Democrats’ Drilling Bill Won’t Produce Single Drop of Oil, GOP Says

Daily News Article   —   Posted on September 17, 2008

(Update: The debate on offshore oil drilling is now moving to the Senate. The House late Tuesday passed a bill that would open waters 50 miles off the Pacific and Atlantic coasts to oil and natural gas development, if the adjacent states agree to go along. The vote was 236-189. [NOTE: there are currently 235 Democrats and 199 Republicans in the House.])

(by Josiah Ryan, CNSNews.com) Washington DC – An energy bill introduced by Democrats Monday night to allow limited offshore drilling in U.S. coastal waters will never permit the production of a single drop of oil, Republicans told CNSNews.com on Tuesday.

Democrats, however, say that they are finally giving the GOP a chance to vote to allow offshore oil drilling, and they deny claims that the bill will not produce additional oil.
 
“This bill is a bald-face lie,” said Rep. Paul Broun (R-Ga.). “It doesn’t help America. It’s not going to produce one drop of oil.”
 
“This bill is absolutely meaningless,” Rep. John Shadegg (R-Ariz.) told reporters at a press conference at the Capitol Tuesday morning. “Any American who thinks with this legislation we will even start trying to produce oil in the next eight years is being deceived or mistaken.”
 
In the press conference, about 15 Republican House members took turns describing the bill as a “sham,” “hoax,” “charade,” “optical illusion,” and so on.
 
But Rep. Rahm Emanuel (D-Ill.) told CNSNews.com that the bill will in fact produce more American oil.
 
“Drilling is the purpose – that’s one of the reasons we wrote the bill,” Emanuel told CNSNews.com Tuesday when asked if he believed the bill would produce oil. The congressman said he didn’t know how much oil the bill would produce.
 
According to the bill’s introduction, the “Comprehensive American Energy Security and Consumer Protection Act” will seek to “end dependency on oil through renewable and clean, alternative fuel technologies while building a bridge to the future through expanded access to federal oil and natural gas resources.”
 
The legislation, which was introduced by Democrats at 9:45 p.m. on Monday night, would allow drilling in select areas on the coast outside of a 50-mile boundary offshore if individual states agree to allow it.
 
House Speaker Nancy Pelosi (D-Calif.) said the bill is a bipartisan energy package designed to chart a new national course.  
 
“It’s part of a bipartisan compromise,” said Pelosi at an afternoon press conference at the Capitol on Tuesday. “The choice on the floor today is the status quo or a chance to take our country into a new direction.”
 
But many Republicans say that the bill is not bipartisan and that it contains a long list of “flaws” that preclude its ability to provide the nation with more oil. 

They claim that states will not agree to drill if they are not offered greater incentives in the form of revenue sharing.

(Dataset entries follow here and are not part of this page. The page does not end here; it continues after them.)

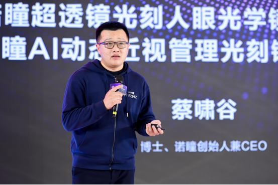 在启动仪式结束后,诺瞳奕目医疗科技有限公司CEO、首都医科大学眼科学博士蔡啸谷先生上台,为大家详细解读Meta Rx™光刻系统的技术亮点与应用场景。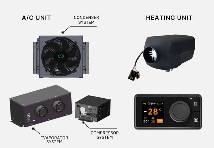 A compact heating and cooling unit installed inside the cab/sleeper. It handles all climate control without requiring any under-chassis equipment.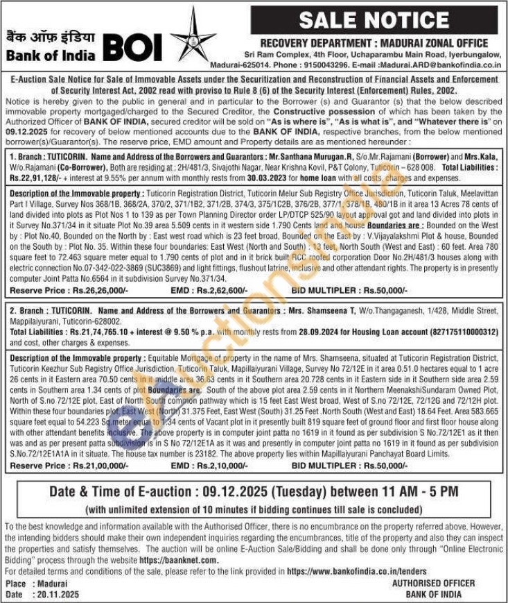 Description of the Immovable property: Tuticorin Registration District, Tuticorin Melur Sub Registry Office Jurisdiction, Tuticorin Taluk, Meelavittan Part I Village, Survey Nos 368/18, 368/24, 370/2, 371/182, 371/28, 374/3, 375/1028, 376/28, 377/1, 378/1B, 480/18 in it area 13 Acres 78 cents of land divided into plots as Plot Nos 1 to 139 as per Town Planning Director order LP/DTCP 525/90 layout approval got and land divided into plots in it Survey No.371/34 in it situate Plot No.39 area 5.509 cents in it western side 1.790 Cents land and house Boundaries are: Bounded on the West by: Plot No.40, Bounded on the North by: East west road which is 23 feet broad, Bounded on the East by: V.Vijayalakshmi Plot & house, Bounded on the South by: Plot No. 35. Within these four boundaries: East West (North and South): 13 feet, North South (West and East): 60 feet. Area 780 square feet to 72.463 square meter equal to 1.790 cents of plot and in it brick built RCC roofed corporation Door No.2H/481/3 houses along with electric connection No.07-342-022-3869 (SUC3869) and light fittings, flushout latrine, inclusive and other attendant rights. The property is in presently computer Joint Patta No.6564 in it subdivision Survey No.371/34

They claim the bill does not include language that would discourage lawsuits from environmental groups that would mire drilling in legal battles for years.

They claim that up to 80 percent of offshore oil lies within the 50-mile boundary that the bill excludes from possible drilling.

“This bill won’t do a d—- thing about American energy,” exclaimed House Minority Leader John Boehner (R-Ohio) on the House floor Tuesday morning. 
 
But House Majority Leader Rep. Steny Hoyer (D-Md.) pitched the bill as a choice between drilling and not drilling.
 
“The Republicans said they wanted drilling and an all-of-the-above drilling package,” said Hoyer. “Today on the floor, we have a bill that substantially expands drilling opportunities and includes renewable conservation investment. Today we find out whether the Republicans are interested in producing oil or campaign slogans.”
 
Pelosi added that, if the Republicans are not satisfied with what the bill offers, it is because they want to continue to do the “dance of big oil” on the House floor.

All original CNSNews.com material, copyright 1998-2008 Cybercast News Service. Reprinted here with permission from CNSNews. Visit the website at CNSNews.com.



Background

NOTE:
On Friday, August 1, 2008 as Congress adjourned for the remainder of the summer, as many as forty Republicans stayed in the chamber to protest the House Democrat leadership's decision to leave for the August recess without first permitting a vote on increased American energy production. With no cameras on and the microphones and lights off, Republicans took turns demanding a special session of Congress to address high gas prices.